The securities referred to in this announcement have not been and will not be registered under the U.S. Securities Act of 1933, as amended (the "Securities Act"), or any securities laws of any state or other jurisdiction of the United States and may not be offered or sold within the United States except pursuant to an exemption from, or in a transaction not subject to, the registration requirements of the Securities Act and in compliance with applicable state law. There will be no public offer of the securities in the United States.
This announcement is only being distributed to and is only directed at persons in the United Kingdom that are (i) investment professionals falling within Article 19(5) of the Financial Services and Markets Act 2000 (Financial Promotion) Order 2005, as amended (the "Order") or (ii) high net worth entities, and other persons to whom this announcement may lawfully be communicated, falling within Article 49(2)(a) to (d) of the Order (all such persons together being referred to as "relevant persons"). This announcement must not be acted on or relied on by persons who are not relevant persons. Any investment or investment activity to which this announcement relates is available only to relevant persons and will be engaged in only with relevant persons. Persons distributing this announcement must satisfy themselves that it is lawful to do so.Further information regarding restrictions applicable for the Rights Issue will be set out in the prospectus prepared for the Rights Issue.
About PCI BiotechPCI Biotech is a biopharmaceutical company focusing on development and commercialisation of novel therapies for the treatment of cancer through its innovative photochemical internalisation (PCI) technology platform. PCI is applied to three distinct anticancer paradigms: fimaCHEM (enhancement of chemotherapeutics for localised treatment of cancer), fimaVACC (T-cell induction technology for therapeutic vaccination), and fimaNAc (nucleic acid therapeutics delivery).

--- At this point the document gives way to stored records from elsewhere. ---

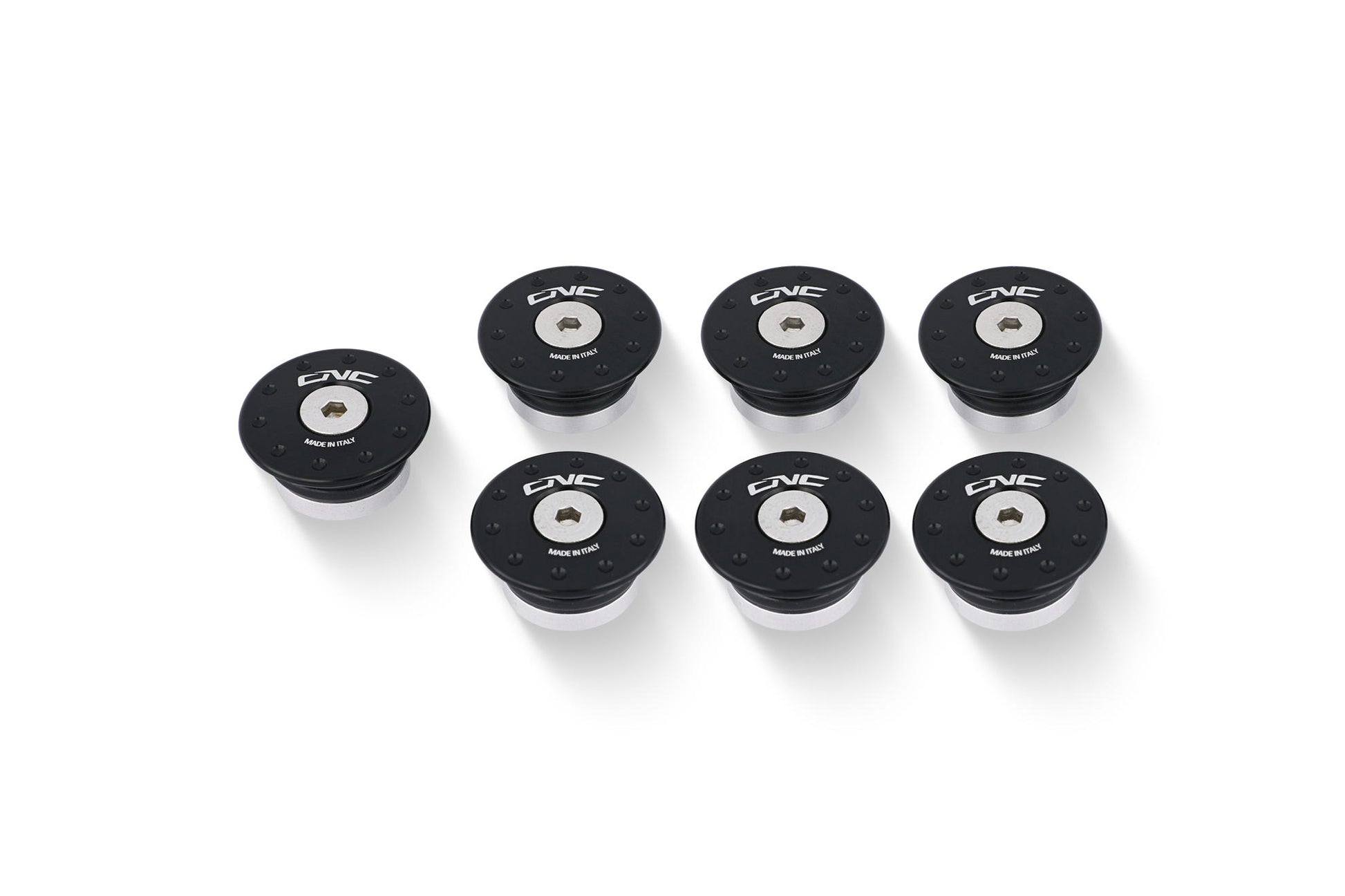 Tappi telaio realizzati dal pieno in lega leggera con successiva anodizzazione superficiale. Il kit è composto da 7 tappi ognuno nelle misure precise per adattarsi ai vari fori del telaio.
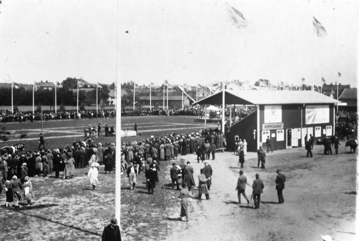 Lantbruksutställningen pågår under tre dagar, som ett inslag i Arbogautställningen. En stor publik är samlad. Två hästar ses på Sturevallen. En ko skymtar till höger i bild. I läktarbyggnaden finns kommissariatet.
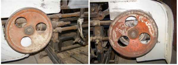 - В качестве подвижного шкива, служащего для регулировки размеров получаемого материала, традиционно используется правый, натяжение которого должно обеспечиваться пружиной.
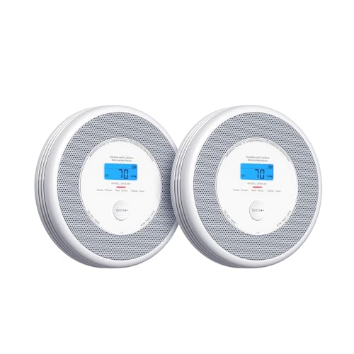 Smoke & Carbon Monoxide Alarm with Digital LCD Display, Combination Smoke Alarm and Carbon Monoxide Detector Replaceable Battery Smoke and CO Alarm for Your Home, Garage, Office
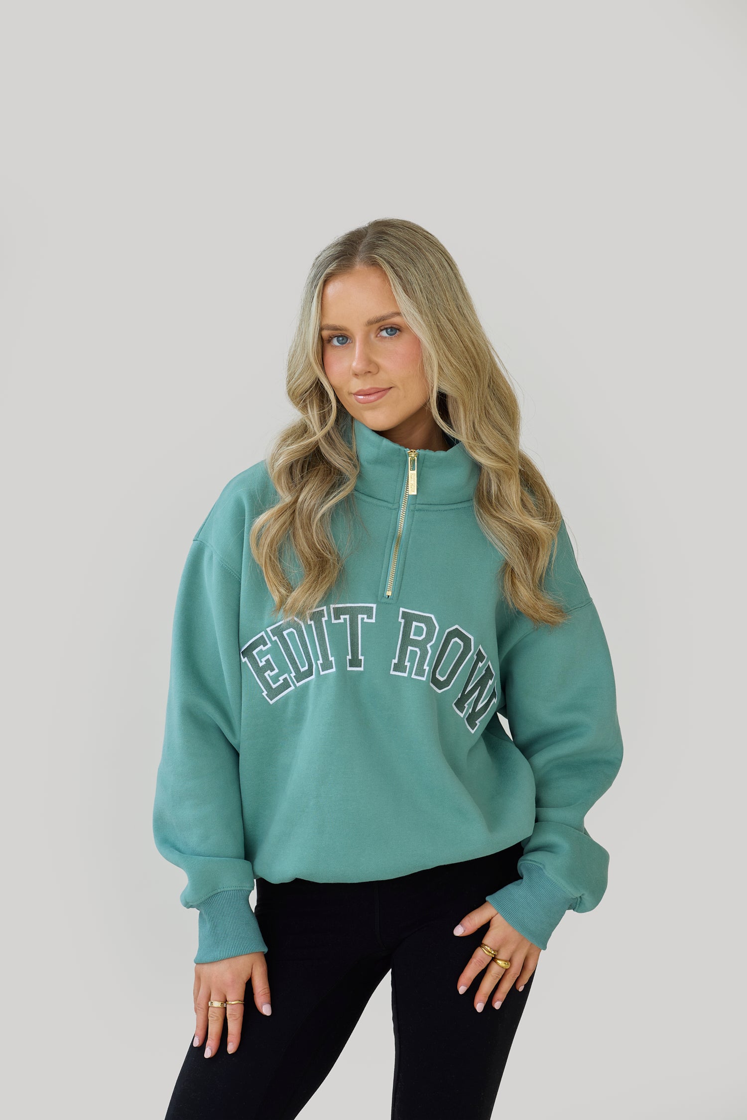 Featuring our signature funnel neck, a luxe gold zip detail, and standout 3D embroidered “EDIT ROW” logo, this piece blends comfort with effortless cool.
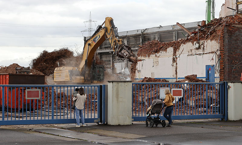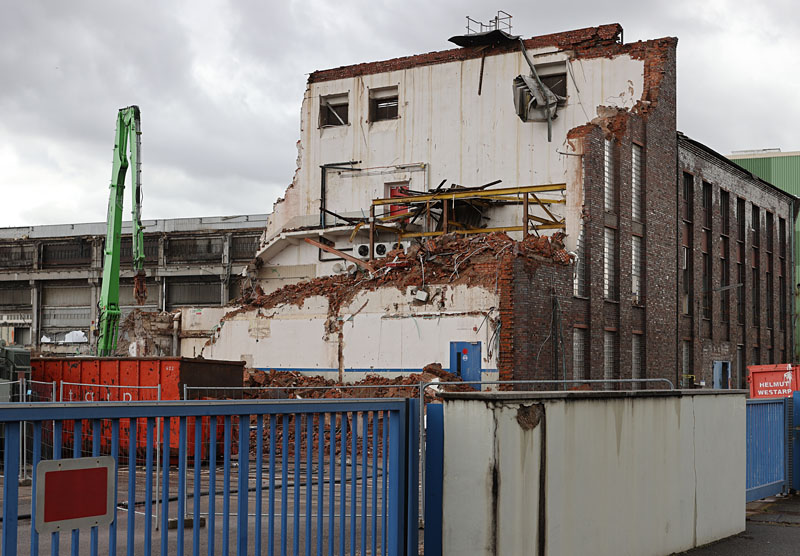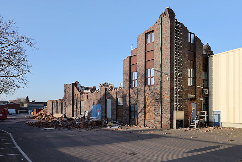 Nachdem in den letzten Wochen das Gebäude der "Hefefabrik" von der der Straße abgewandten Seite immer weiter abgetragen wurde, ging es Ende dieser Woche an der Straßenfront ziemlich schnell.
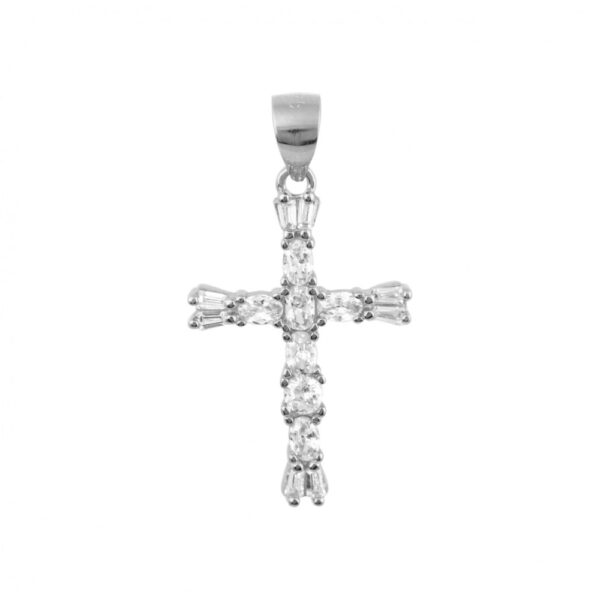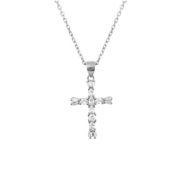 Σταυρός με Αλυσίδα Λευκό Ασήμι 925

Photochemical internalisation induces triggered endosomal release that is used to unlock the true potential of a wide array of therapeutic modalities. The Company's lead fimaCHEM programme consists of a clinical Phase I/II clinical study in bile duct cancer, an orphan indication with a high unmet need and without approved products. fimaVACC applies a unique mode of action to enhance the essential cytotoxic effect of therapeutic cancer vaccines, which works in synergy with several other state-of-the-art vaccination technologies. fimaNAc utilises the endosomal release to provide intracellular delivery of nucleic acids, such as mRNA and RNAi therapeutics, thereby addressing one of the major bottlenecks facing this emerging and promising field.
This information is subject to the disclosure requirements pursuant to section 5-12 of the Norwegian Securities Trading Act. Forward-looking statements
This announcement may contain forward-looking statements, which as such are not historical facts, but are based upon various assumptions, many of which are based, in turn, upon further assumptions. These assumptions are inherently subject to significant known and unknown risks, uncertainties and other important factors. Such risks, uncertainties, contingencies and other important factors could cause actual events to differ materially from the expectations expressed or implied in this announcement by such forward-looking statements. PCI Biotech disclaims any obligation to update or revise any forward-looking statements, whether as a result of new information, future events or otherwise.